== Exercise aim ==
State how many lines in the following entries contain the word "close". No other output.

== Source material ==
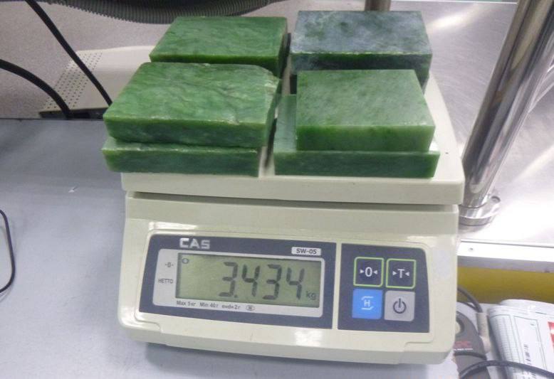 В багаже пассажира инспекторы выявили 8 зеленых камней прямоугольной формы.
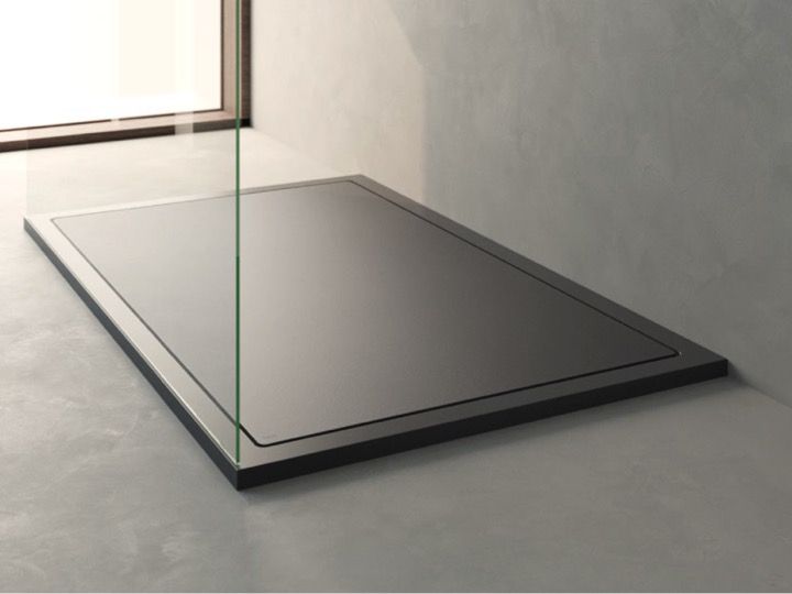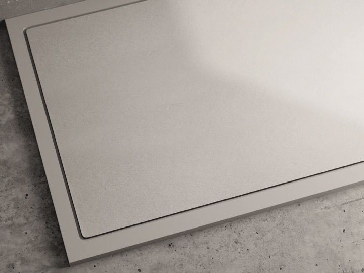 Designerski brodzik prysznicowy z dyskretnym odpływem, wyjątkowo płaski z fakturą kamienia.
* * *
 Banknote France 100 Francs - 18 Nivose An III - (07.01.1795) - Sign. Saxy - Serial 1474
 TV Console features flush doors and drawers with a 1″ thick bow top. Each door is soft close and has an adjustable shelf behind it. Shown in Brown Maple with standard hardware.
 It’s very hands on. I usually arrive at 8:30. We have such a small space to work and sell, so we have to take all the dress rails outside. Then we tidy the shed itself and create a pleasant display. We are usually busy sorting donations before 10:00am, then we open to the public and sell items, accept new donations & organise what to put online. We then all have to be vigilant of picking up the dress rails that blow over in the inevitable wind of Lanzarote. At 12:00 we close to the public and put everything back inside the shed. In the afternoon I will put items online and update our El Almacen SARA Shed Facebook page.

== Written response ==
2